Quote:
Originally Posted by Sam Ganzfried
I'm not sure how useful an exploitability number or lb would be. If I came to you in 2008 and said "hey, our bot won the LHE competition, and it has exploitability 250mb/g (while always folding has exploitability 750 mb/g)", you would've laughed in my face. But yet, that bot went on to beat top humans including Hoss_TBF and others with statistical significance in the man vs. machine competition, http://webdocs.cs.ualberta.ca/~games/poker/man-machine/.
I don't quite understand why you are linking exploitability to the question whether or not your bot would beat (top) human players, that was never my point.
It seems like most teams in the Computer Poker Competition follow the same approach to creating a NLHE HU bot: Find a good abstraction of the full game, find a strategy that is as close to equilibrium as possible within this abstraction, and finally map the strategy back onto the full game. The results of the competition can be interpreted as such that your bot (strategy) is beating all other strategies -- however, we have no measure of accessing how "good" or, loosely speaking, how close to GTO these strategies are in the first place. A lower bound of exploitabilty would give us some insight to this question and would also be a natural criterion to access the quality of your strategy.
From a different perspective, the article and some of your comments advertise that human players could learn a lot from looking at how the bot solves certain spots. But why would I as a human player spend time learning from a bot without knowing how good the bot is, or how much room for improvement there still is (especially when you are stating yourself that the strategy may look very differently when the algorithms fully converge)?

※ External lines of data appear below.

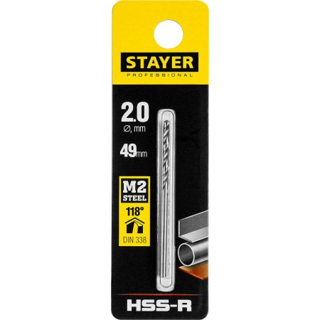 Сверло по металлу быстрорежущая сталь P6M5 Professional HSS-R STAYER 2.0x49 мм 29602-2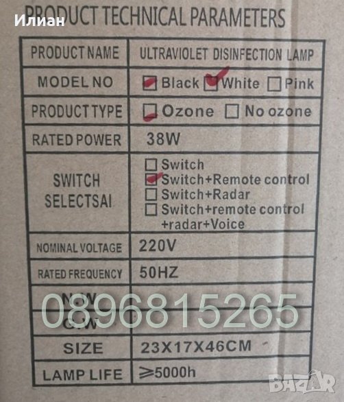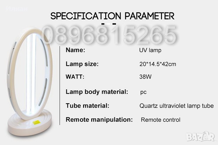 Внимания: Докато лампата е включена,не трябва да има хора в стаята.Пазете от ултравиолетовите лъчи кожата, растения и домашни животни.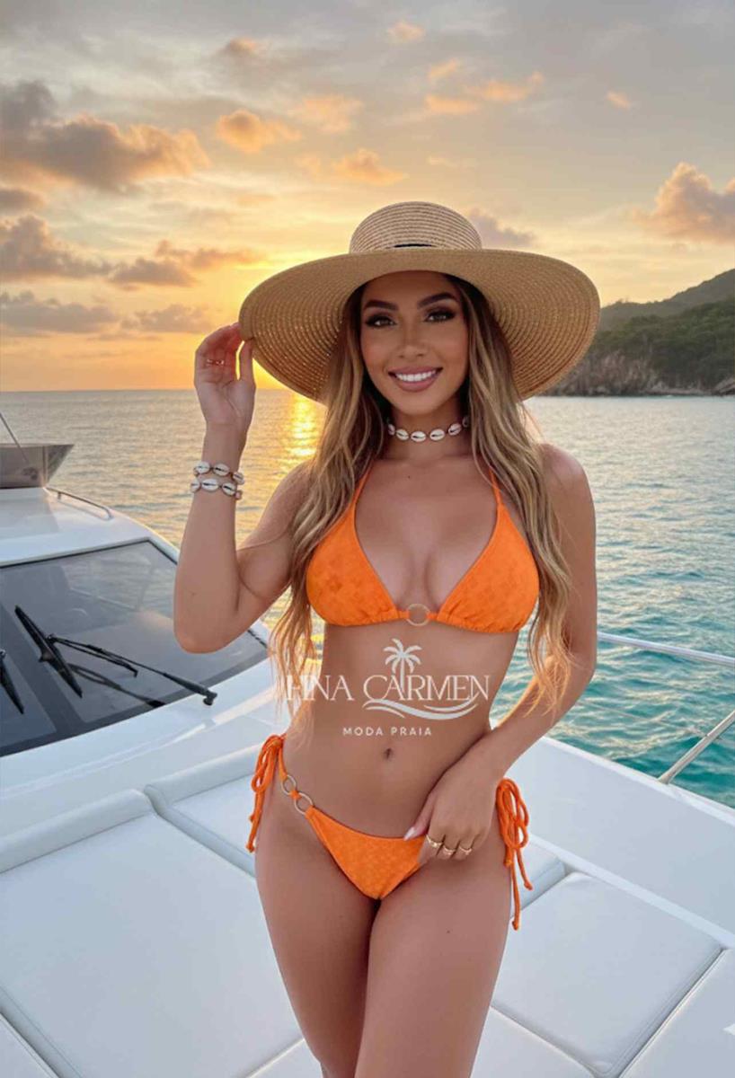 O Biquíni Solar Laranja é impacto visual puro. Um modelo que combina sensualidade elegante com frescor praiano, pensado para quem quer presença — não discrição. O top cortininha com argola central valoriza o colo, cria simetria e realça o busto com efeito lifting natural.

Back in 2008, even though it seems clear that the -250mb/g bot was better than top human players at this time, I don't think it would've been the best strategy for anyone to learn from this bot, but rather wait until the bot applies a strategy that has a signifincatly reduced exploitatability, therefore giving the people trying to learn from it more confidence in the strategy.

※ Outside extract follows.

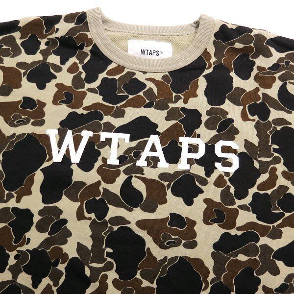 カモフラージュ柄のコットンスウェット生地をベースに胸元にカレッジスタイルのWTAPSロゴをプリントしたクルーネックスウェットになります。

It surely would be interesting to see human players playing vs the bot, but I think most of us are aware that at some point in time, NHLE HU bots will be better than most human players anyways, so there's no real point in proving that this is or isn't the case in 2014 already.
Quote:
Originally Posted by Sam Ganzfried
If I told you that our bot's strategy was super unbalanced on rivers, but in an arbitrary way on different rivers, how would you go about exploiting it?

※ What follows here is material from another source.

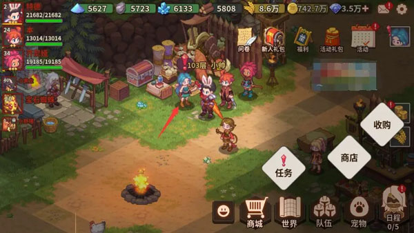 营地商店——每天四点刷新,随机更新游戏道具。有时候可以用金币购买到超高性价比的道具。还能进行装备、卡牌、宠物的收购。注意!收购的装备就会彻底消失,请谨慎选择!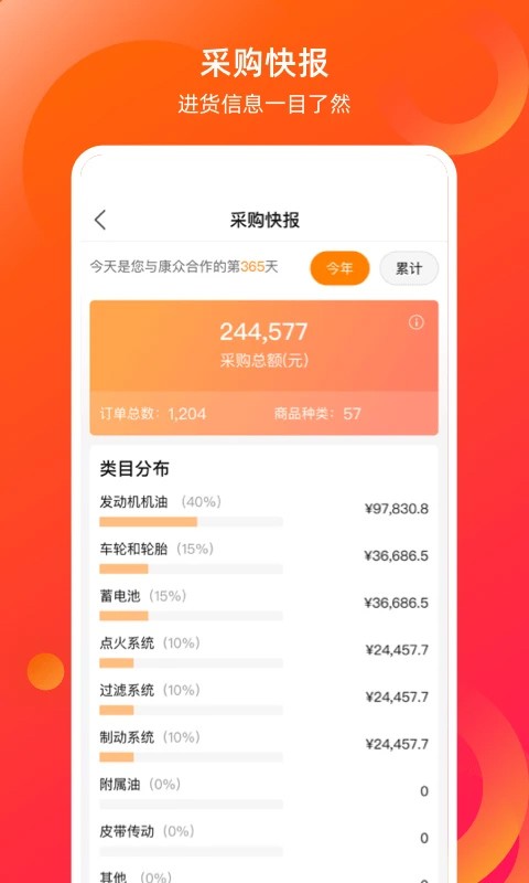 软件涵盖油品、轮胎、易损件、工具辅助材料、化工养护等多个品类,满足用户全方位的汽配需求。

Again, I don't really understand why you are aksing me this question as this seems unrelated to me +1ing a request for a lower bound of (theoretical) exploitability of your strategy. I'll answer it anyway: Since you just told me that any signal of the bot's (average) river strategy is arbitrary and therfore uninformative, I wouldn't apply a strategy that is trying to maximally exploit leaks in the bot's strategy on the river. However, I would approach river spots with the best balanced strategy my human mind can come up with. If your bot is really "super unbalanced" in river spots, my strategy is very likely to exploit the bot's strategy by default, but not maximally.